Collected data
++++++++

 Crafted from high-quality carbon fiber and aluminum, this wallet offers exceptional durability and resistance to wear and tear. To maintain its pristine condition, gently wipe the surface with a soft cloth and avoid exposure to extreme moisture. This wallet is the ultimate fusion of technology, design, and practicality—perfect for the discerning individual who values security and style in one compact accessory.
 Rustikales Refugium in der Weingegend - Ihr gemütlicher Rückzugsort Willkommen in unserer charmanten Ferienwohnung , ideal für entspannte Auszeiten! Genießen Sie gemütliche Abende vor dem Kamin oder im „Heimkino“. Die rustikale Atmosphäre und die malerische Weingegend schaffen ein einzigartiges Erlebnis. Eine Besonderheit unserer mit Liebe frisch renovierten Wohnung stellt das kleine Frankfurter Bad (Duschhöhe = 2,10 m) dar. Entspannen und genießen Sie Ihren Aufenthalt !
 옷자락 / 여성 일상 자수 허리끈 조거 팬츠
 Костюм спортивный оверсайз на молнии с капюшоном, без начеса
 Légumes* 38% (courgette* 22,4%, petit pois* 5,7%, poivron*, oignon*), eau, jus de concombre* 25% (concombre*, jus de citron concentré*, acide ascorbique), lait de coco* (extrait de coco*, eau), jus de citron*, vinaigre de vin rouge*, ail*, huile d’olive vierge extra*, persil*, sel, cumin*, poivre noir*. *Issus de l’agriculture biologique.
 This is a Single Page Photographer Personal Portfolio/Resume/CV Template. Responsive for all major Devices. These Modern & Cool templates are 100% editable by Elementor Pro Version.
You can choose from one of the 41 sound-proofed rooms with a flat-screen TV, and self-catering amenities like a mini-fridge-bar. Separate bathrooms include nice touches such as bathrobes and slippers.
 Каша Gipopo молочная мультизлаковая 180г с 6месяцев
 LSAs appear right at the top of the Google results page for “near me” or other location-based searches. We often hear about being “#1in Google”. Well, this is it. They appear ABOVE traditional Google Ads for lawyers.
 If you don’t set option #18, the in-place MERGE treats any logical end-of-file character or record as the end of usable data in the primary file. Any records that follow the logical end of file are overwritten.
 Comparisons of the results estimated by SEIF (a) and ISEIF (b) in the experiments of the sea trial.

++++++++

— PROBLEM DETAILS —
Repeat the line that contains "If you don’t", then every line after it until the records end, with nothing added.

— RESULT OF THE EXERCISE —
 If you don’t set option #18, the in-place MERGE treats any logical end-of-file character or record as the end of usable data in the primary file. Any records that follow the logical end of file are overwritten.
 Comparisons of the results estimated by SEIF (a) and ISEIF (b) in the experiments of the sea trial.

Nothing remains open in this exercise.